GPUs are not magic "can do faster everything" machines. There are certain tasks where a CPU can easily outperform a GPU, even for very large datasets. So a very simple guideline is: If you can move it to the CPU without spending more CPU time doing the calculation than it takes for the GPU in total overhead to process it, then do it on the CPU. The calculation of a single matrix is among those tasks.
Like most situations with OpenGL, it depends.
In most cases, a single calculation can be done faster on the CPU than on the GPU. The GPU's advantage is that it can do lots of calculations in parallel.
On the other hand, it also depends where your bottlenecks are. If your CPU is doing lots of other work, but your shaders are not a bottleneck yet on the lowest-powered target system, then you could easily see some performance improvement by moving some matrix multiplications to the vertex shader.
Generally, you should avoid any work in the fragment shader that could also be done in the vertex shader or on the CPU, but beyond that, it depends on the situation. Unless you are running into performance issues, just do it whatever way is easiest for you, and if you are having performance issues, do it both ways and profile the performance to see which works better.

Should Particle systems be updated entirely in the geometry shader

Should Particle systems be updated entirely in the geometry shader or should the geometry shader be passed updated data for positions and life ect. At the moment i update everything in the geometry but iam not sure if this is the best idea incase some of the data is needed in the C++.
It's possible to almost everything in shaders ( especially if you're going for SM4+ ). I don't recommend going for anything over SM3 if you want any sort of market penetration. I still regret we didn't provide a SM2 fallback for our latest game, because quite a few people still use old crappy SM2 cards.
More on to the question. You can use RTT and never to do a round trip back to the main memory ( this is slow as hell, minimize transfer from graphics memory to main memory ), but the down side is that you need to use some rather elaborate tricks to compute AABBs ( which you'll want on the CPU side of things ) if you go pure GPU.
Instead we do everything which requires changing the state of a particle on the CPU side.
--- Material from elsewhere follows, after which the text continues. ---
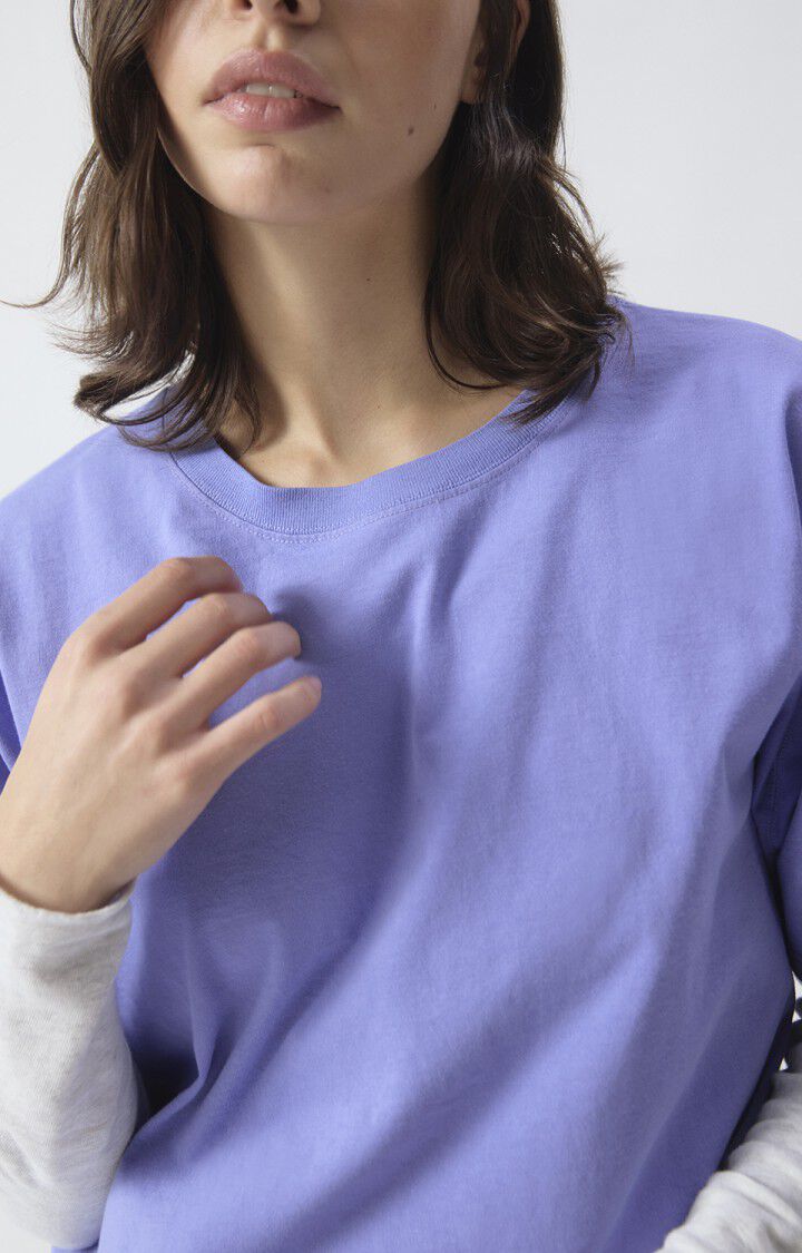 Het Fizvalley t-shirt voor dames is een is een iconisch item in de American Vintage-garderobe. Met zijn wat wijdere rechte pasvorm, ronde hals en korte mouwen heeft het een authentieke, tijdloze stijl. Het is gemaakt van dikke, gladde en compacte jersey en voelt gestructureerd aan met een vintage uitstraling. Het is verkrijgbaar in een breed scala aan kleuren en past in zowat elke stijl. Je draagt het op zichzelf of in laagjes onder een hemd of een sweater.

We then have a tight memory representation of that data which gets updated to GPU. The vertex shader is rather meaty ( but that's totally fine, do as much as you possibly can in the vertex shader! ), it extracts this compressed representation of a particle, transforms it, and passes the uncompressed data on to the pixel shader. An important observation here is that you can, and should, split per vertex & per particle data. This implies using instancing ( which is just a way of saying: use frequency dividers ). We represent particle rotation with a normal + rotation about that normal.
Another reason for doing the state changes of a particle CPU side is that it's a heck of a lot easier to composite behavior CPU side. Any at least half decent particle system needs quite a bit of knobs to turn to be able to create interesting particle effects.
EDIT: And if you have anything resembling Particle::Update that can't be inlined you've failed, minimize per particle function calls, especially virtual ones, and keep the memory representation of a particle tightly packed!
That depends on what kind of particle system you have. In most cases you have a software representation in C++ and a hardware representation for your shader. The geometry data for the shader is computed from the software representation and should be as little as possible. Because in most cases not the computational power is the limiting resource but the transfer rate to the graphics card.
If you can decrease transfers even further with your method, you can still keep a software representation in memory for further usage. Even if this implies computing data twice, it can be faster than the transfer process.